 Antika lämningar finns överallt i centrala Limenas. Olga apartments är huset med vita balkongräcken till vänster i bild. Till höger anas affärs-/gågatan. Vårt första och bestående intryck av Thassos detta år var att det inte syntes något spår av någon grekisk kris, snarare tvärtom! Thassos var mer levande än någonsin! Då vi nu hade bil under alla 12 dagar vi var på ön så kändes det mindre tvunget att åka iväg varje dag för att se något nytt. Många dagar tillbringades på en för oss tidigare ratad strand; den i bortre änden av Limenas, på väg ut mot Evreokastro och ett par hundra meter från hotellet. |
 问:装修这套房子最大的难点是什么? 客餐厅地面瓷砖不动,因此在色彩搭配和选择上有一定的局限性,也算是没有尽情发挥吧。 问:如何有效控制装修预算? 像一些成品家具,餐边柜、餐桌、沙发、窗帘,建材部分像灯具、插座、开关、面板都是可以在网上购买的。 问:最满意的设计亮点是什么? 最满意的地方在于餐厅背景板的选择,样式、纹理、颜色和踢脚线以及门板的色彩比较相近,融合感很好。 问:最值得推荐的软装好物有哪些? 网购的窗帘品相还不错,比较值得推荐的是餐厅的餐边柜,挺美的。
######
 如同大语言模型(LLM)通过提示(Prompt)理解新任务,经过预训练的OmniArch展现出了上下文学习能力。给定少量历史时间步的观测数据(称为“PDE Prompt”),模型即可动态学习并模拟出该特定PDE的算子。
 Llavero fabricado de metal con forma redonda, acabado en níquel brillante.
######
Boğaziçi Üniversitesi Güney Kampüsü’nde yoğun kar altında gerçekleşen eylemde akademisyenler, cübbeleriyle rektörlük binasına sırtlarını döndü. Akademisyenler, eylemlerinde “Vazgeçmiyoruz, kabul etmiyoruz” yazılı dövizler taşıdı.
######
TASK REQUIREMENTS:
From the listing above, repeat exactly the lines starting at the line that includes "如同大语言模型(LLM)通过" and ending at the line that includes "Llavero fabricado de", with nothing outside that span.

TASK SOLUTION:
 如同大语言模型(LLM)通过提示(Prompt)理解新任务,经过预训练的OmniArch展现出了上下文学习能力。给定少量历史时间步的观测数据(称为“PDE Prompt”),模型即可动态学习并模拟出该特定PDE的算子。
 Llavero fabricado de metal con forma redonda, acabado en níquel brillante.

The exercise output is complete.